→ **Study material**

● ● ●

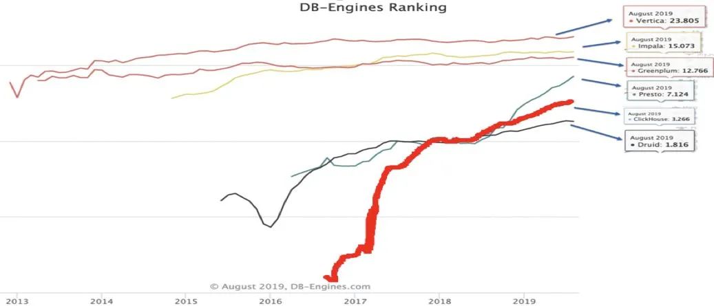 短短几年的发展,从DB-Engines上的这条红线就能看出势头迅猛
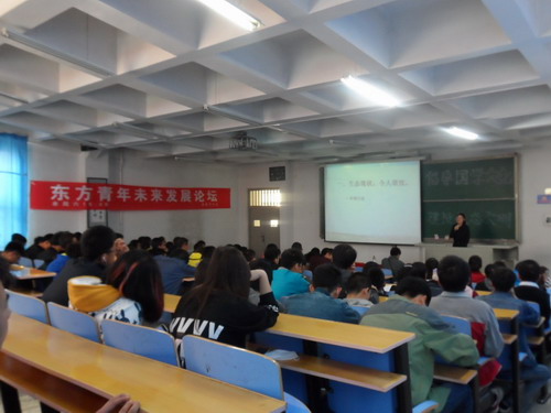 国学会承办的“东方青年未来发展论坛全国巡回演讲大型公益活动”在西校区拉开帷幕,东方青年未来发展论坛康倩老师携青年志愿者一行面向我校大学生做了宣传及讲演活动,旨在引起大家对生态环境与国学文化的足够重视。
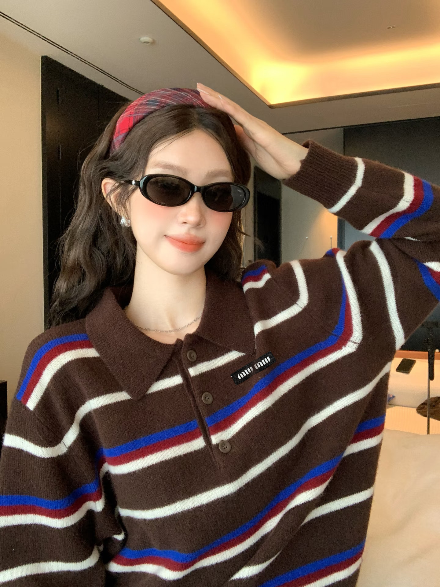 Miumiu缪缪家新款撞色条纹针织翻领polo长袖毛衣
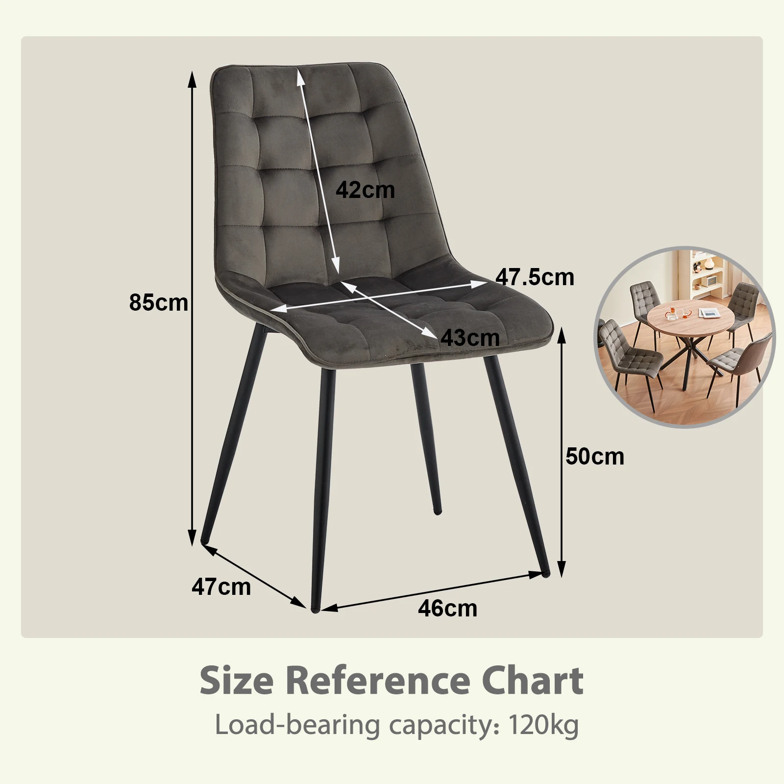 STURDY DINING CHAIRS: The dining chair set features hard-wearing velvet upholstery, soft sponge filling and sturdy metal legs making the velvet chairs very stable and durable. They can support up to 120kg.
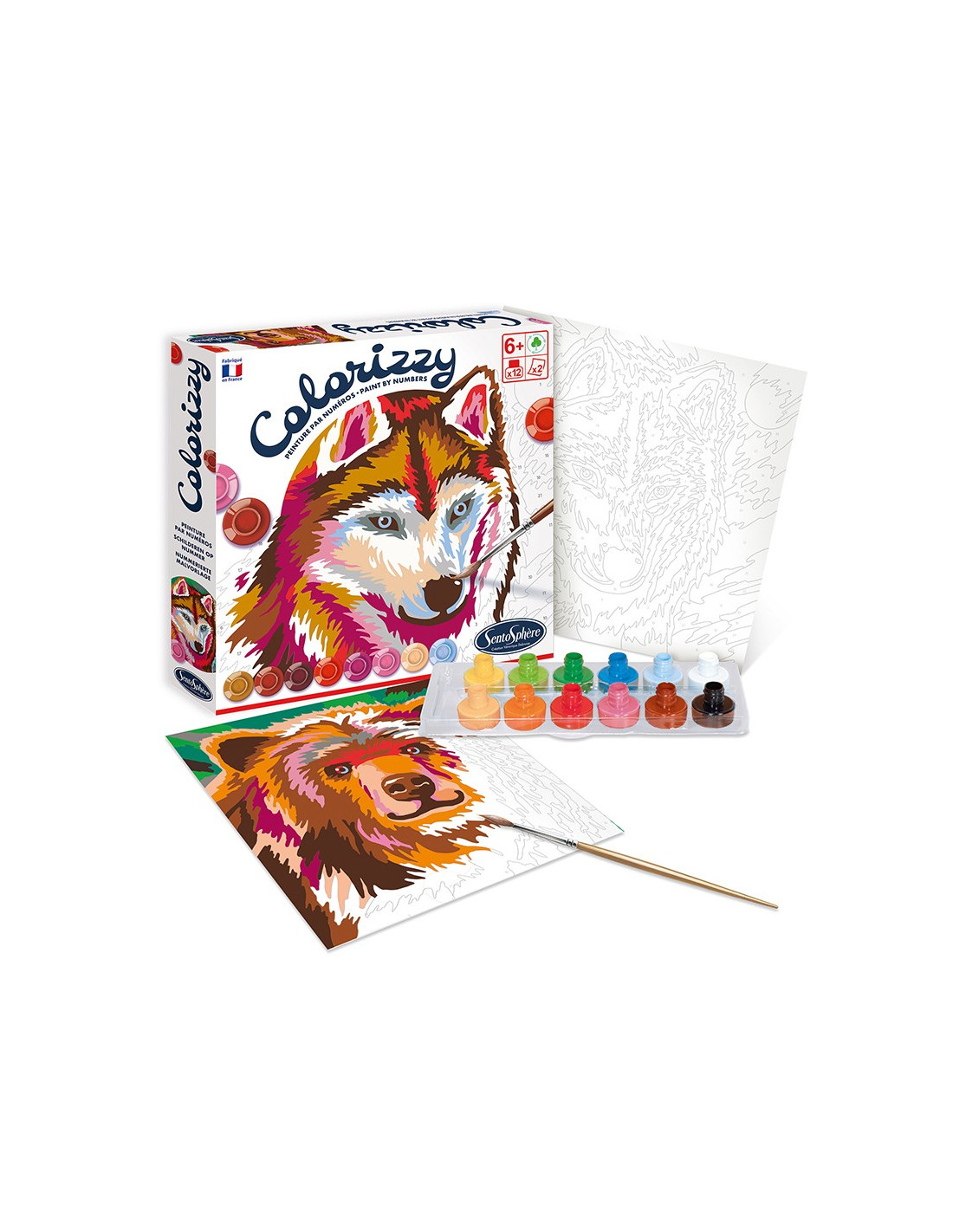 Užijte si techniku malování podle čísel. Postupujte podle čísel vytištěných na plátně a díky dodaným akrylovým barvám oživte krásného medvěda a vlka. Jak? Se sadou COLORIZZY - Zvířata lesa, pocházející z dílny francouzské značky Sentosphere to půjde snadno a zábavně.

● ● ●

→ **Task goal**
The lines from the beginning of the listing above through the line holding "STURDY DINING CHAIRS: The" are to be duplicated exactly, and the pictures omitted.

→ **Finished exercise**
 短短几年的发展,从DB-Engines上的这条红线就能看出势头迅猛
 国学会承办的“东方青年未来发展论坛全国巡回演讲大型公益活动”在西校区拉开帷幕,东方青年未来发展论坛康倩老师携青年志愿者一行面向我校大学生做了宣传及讲演活动,旨在引起大家对生态环境与国学文化的足够重视。
 Miumiu缪缪家新款撞色条纹针织翻领polo长袖毛衣
 STURDY DINING CHAIRS: The dining chair set features hard-wearing velvet upholstery, soft sponge filling and sturdy metal legs making the velvet chairs very stable and durable. They can support up to 120kg.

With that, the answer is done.